EXERCISE REQUIREMENTS
Starting at the first line of the data and ending at the line with "解析 根据题意可知,电子经线粒体内膜最终传递给氧气,与25 ℃相比,4", copy each line exactly. Include both of those lines, but no pictures.

·····

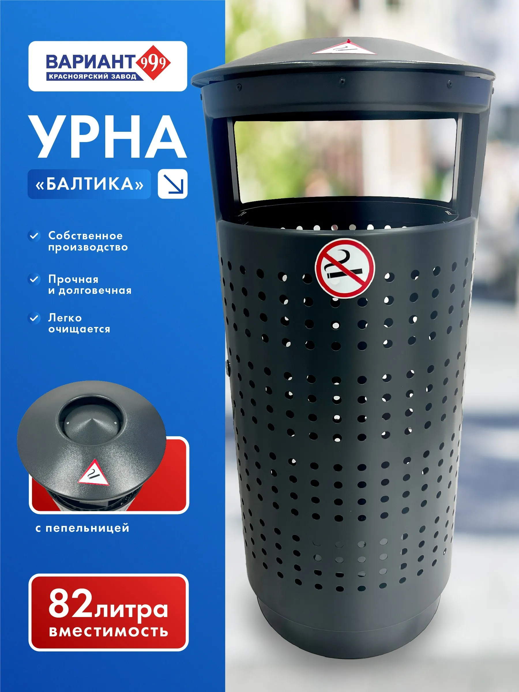 Урна "Балтика" идеально подходит для установки в парках, скверах, на площадях и улицах городов. Прочная стальная конструкция урны обеспечивает её долговечность и устойчивость к внешним воздействиям, что делает её надёжным решением для любых условий эксплуатации.
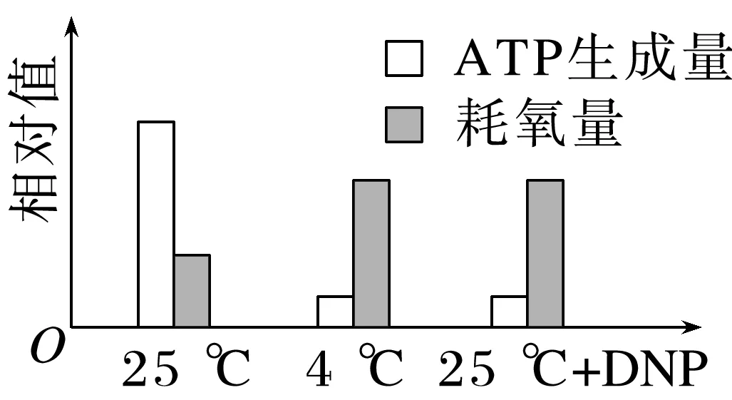 解析 根据题意可知,电子经线粒体内膜最终传递给氧气,与25 ℃相比,4 ℃耗氧量增加,说明电子传递未受阻,A错误;与25 ℃相比,短时间低温4 ℃处理,ATP合成量较少,耗氧量较多,说明4 ℃时有氧呼吸释放的能量较多地用于产热,消耗的葡萄糖量多, B、C正确;DNP使H+不经ATP合酶返回基质中,会使线粒体内外膜间隙中H+浓度降低,导致ATP合成减少, D正确。
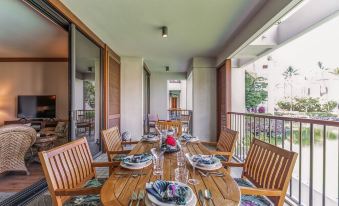 Our luxury condo (F101 at the Mauna Lani Terrace) is walking distance (5 min) from the new Auberge Mauna Lani Resort, with nearby restaurants, tennis, and golf facilities. It’s a short walk (10 min) to one of the Islands best beaches with snorkeling, paddle boarding, and scuba diving. Our unit is located close to the first hole of the world class north course of the Mauna Lani Golf courses and is walking distance from the club house. It is both private and luxurious, but close to all amenities including shopping and grocery store. Dine out at the waterfront Canoe House, or eat in. There is a private BBQ area, and private pool. The resort was built around the unique and outrageously beautiful Mauna Lani Bay environment. This condo offers the best of both worlds: classic Hawaii, and world class resort. The condo itself has a spacious open floor plan with outdoor dining on the lanai. This is a one of a kind location and will give you an unforgettable vacation experience.
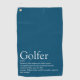 The golf towel exceeded my expectations! My husband actually approved of it! He liked the picture quality, thickness and overall usefulness of the golf towel I ordered to commemorate his lowest ever golf score. He liked it so well that I ordered 8 more towels with photos of his home golf course. Each one of the eight has the name of one of his golf group members. I will give them as party favors at my husband's 70th birthday party later this year. The different names were easy to add because the Zazzle template is so very easy to use. The colors were bright and authentic in all 9 of the towels that I made. The one of the 9 that I ordered has come out of the wash and line dry looking great.
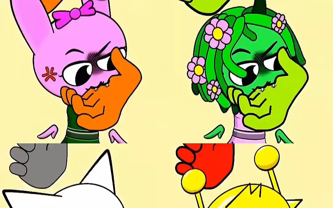 这是结合节奏盒子角色创作的趣味内容,模仿节奏大师的风格,呈现了节奏盒子里的卡通角色间搞怪的互动情节,充满趣味。
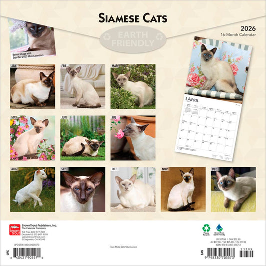 Siamese Cats | 2026 12 x 24 Inch (Hanging) Monthly Square Wall Calendar
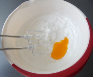 Poté ztlumíme otáčky a po jednom zašleháváme žloutky a olej.
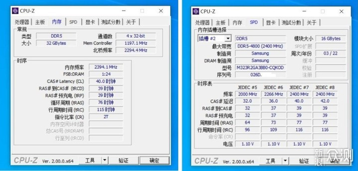 CPU-Z下显示内存频率是4800MHz,时序是40-39-39-76,而内存的最大带宽显示为4800MHz,时序40-39-39-77。颗粒自然是三星颗粒,而制造商,也显示为三星。
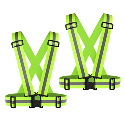 2Pack Reflective Vest Running Gear, Highly visible reflective elasticity adjustable, suitable for cycling and running (fluorescent green)
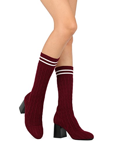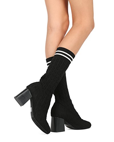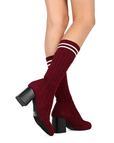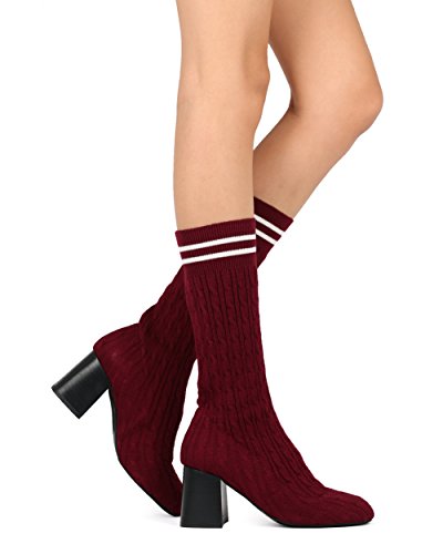 (Alrisco)/Women's/Boots/DIRECT FROM USA/Alrisco Women Knitted Sweater Mid-Calf Block Heel Stocking Boot - HF22 By Wild Diva Collection
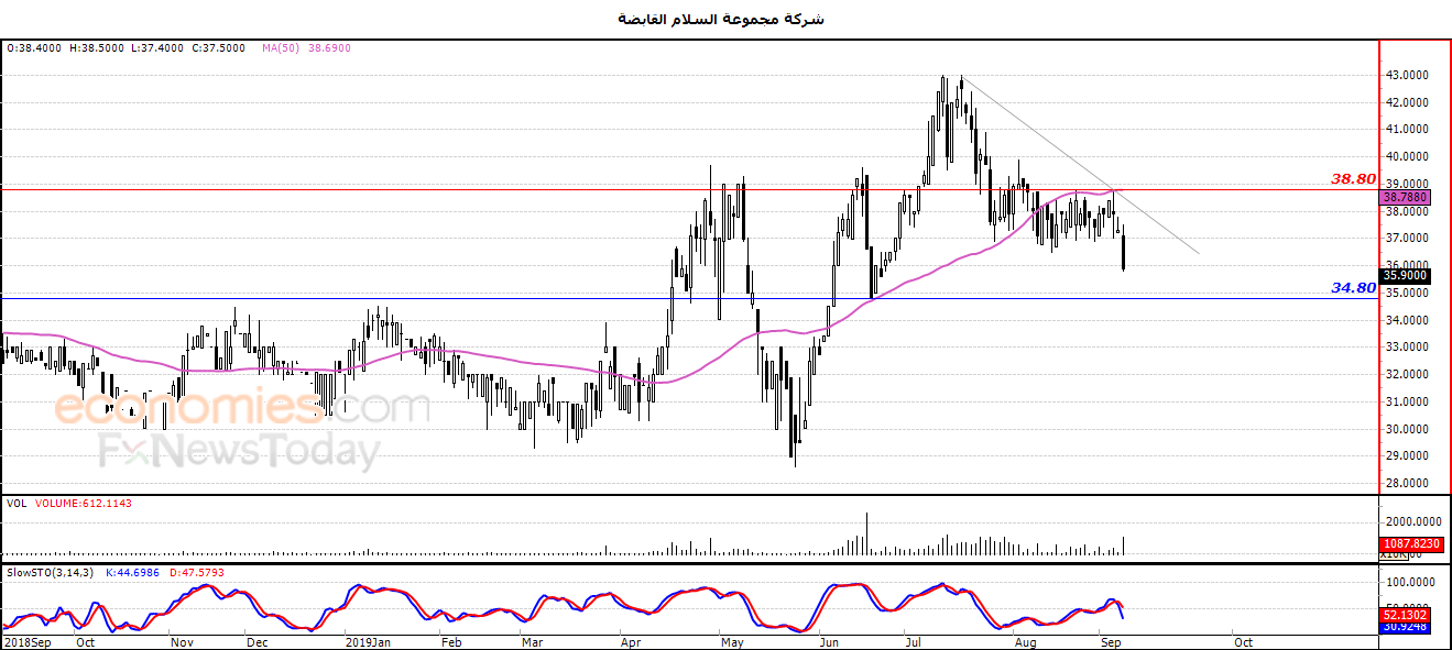 لذلك نحن نتوقع المزيد من الانخفاض للسهم خلال تداولاته القادمة ، طيلة ثبات مستوى المقاومة 38.80 ، ليستهدف مستوى الدعم 34.80 .
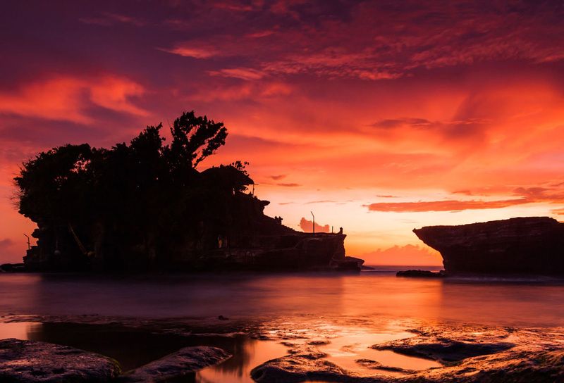 インド洋に沈む夕日をバックに浮かび上がる『タナロット寺院』
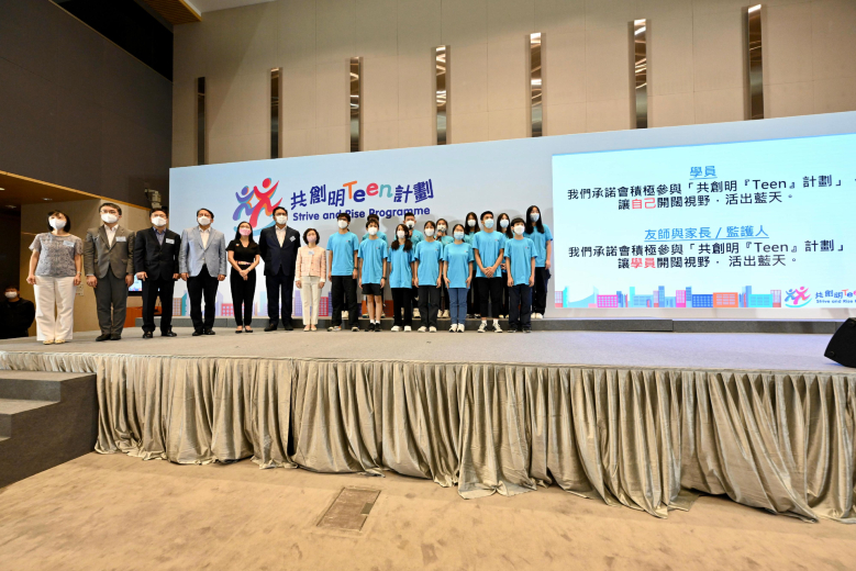 The Chief Secretary for Administration, Mr Chan Kwok-ki, attended the Kick-off Ceremony and Orientation Day of the Strive and Rise Programme today (October 29). Photo shows Mr Chan (fourth left), accompanied by the Secretary for Labour and Welfare, Mr Chris Sun (third left); the Permanent Secretary for Labour and Welfare, Ms Alice Lau (fifth left); the Under Secretary for Education, Mr Sze Chun-fai (second left); the Under Secretary for Home and Youth Affairs, Mr Clarence Leung (sixth left); the Director of Social Welfare, Miss Charmaine Lee (first left); and the Director of Home Affairs, Mrs Alice Cheung (seventh left), witnessed the oath-taking of mentees, parents and mentors.
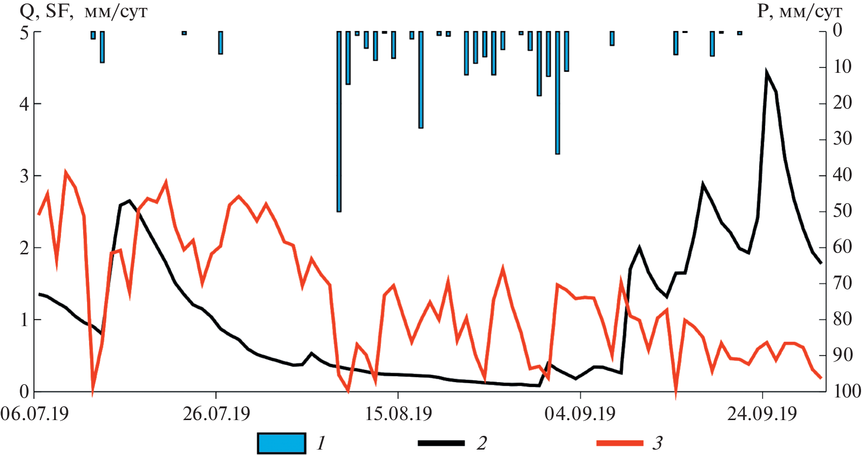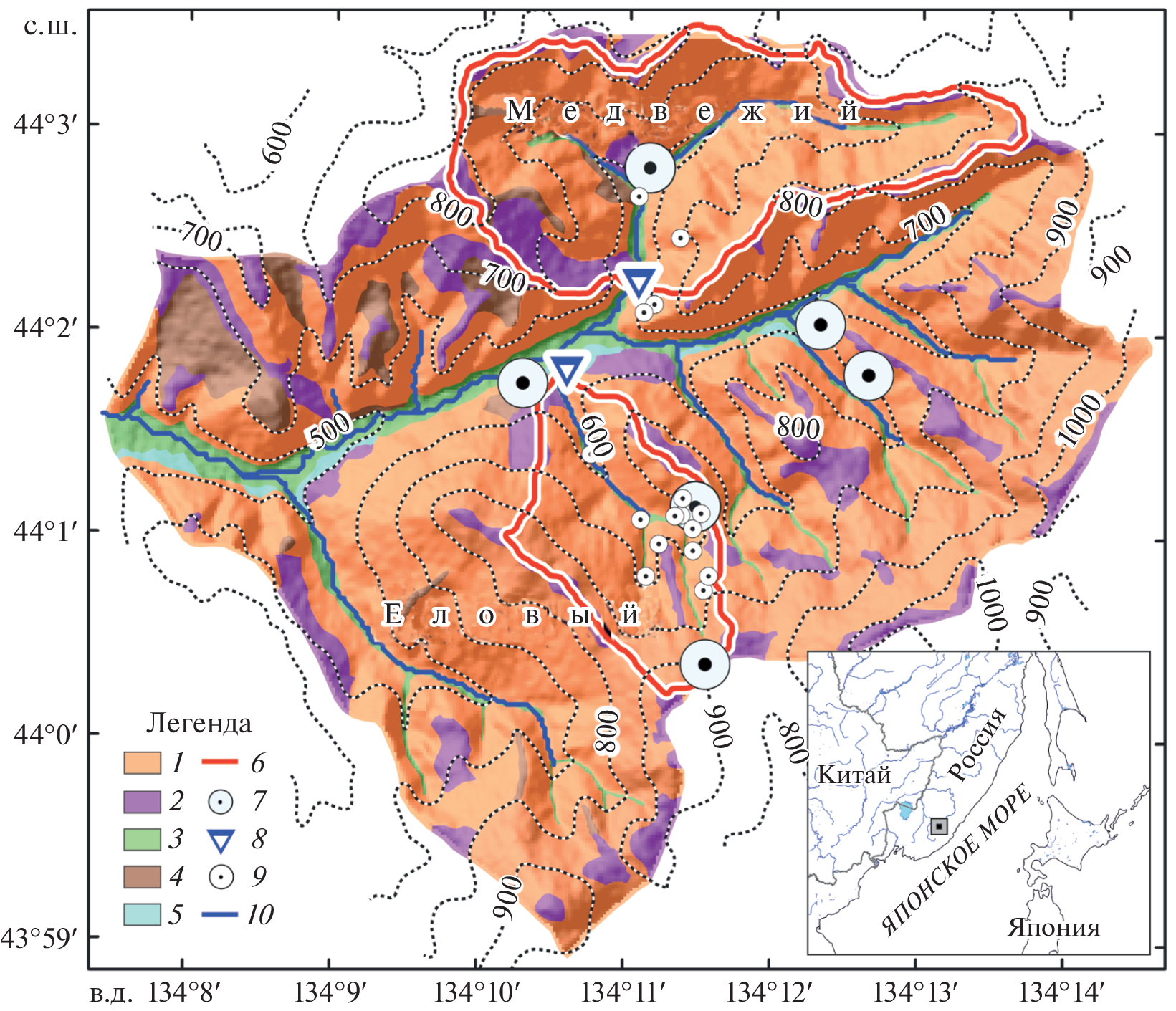 The results of long-term field studies on small watersheds in the upper reaches of the Ussuri River (Primorsky Krai, Russia) are presented. In virtue of modern observation means, a unique dataset was obtained to effectively reflect the complicated processes of runoff formation in small low-mountain river basins. The tools of geochemical and hydrological modeling were jointly used to describe the watersheds’ behavior, and an assessment of the genetic components of the river flow was carried out, that made it possible to deeper research the processes and settings of runoff formation, and to evaluate the factors determining the accuracy of runoff modeling.

·····

SOLUTION
 Урна "Балтика" идеально подходит для установки в парках, скверах, на площадях и улицах городов. Прочная стальная конструкция урны обеспечивает её долговечность и устойчивость к внешним воздействиям, что делает её надёжным решением для любых условий эксплуатации.
 解析 根据题意可知,电子经线粒体内膜最终传递给氧气,与25 ℃相比,4 ℃耗氧量增加,说明电子传递未受阻,A错误;与25 ℃相比,短时间低温4 ℃处理,ATP合成量较少,耗氧量较多,说明4 ℃时有氧呼吸释放的能量较多地用于产热,消耗的葡萄糖量多, B、C正确;DNP使H+不经ATP合酶返回基质中,会使线粒体内外膜间隙中H+浓度降低,导致ATP合成减少, D正确。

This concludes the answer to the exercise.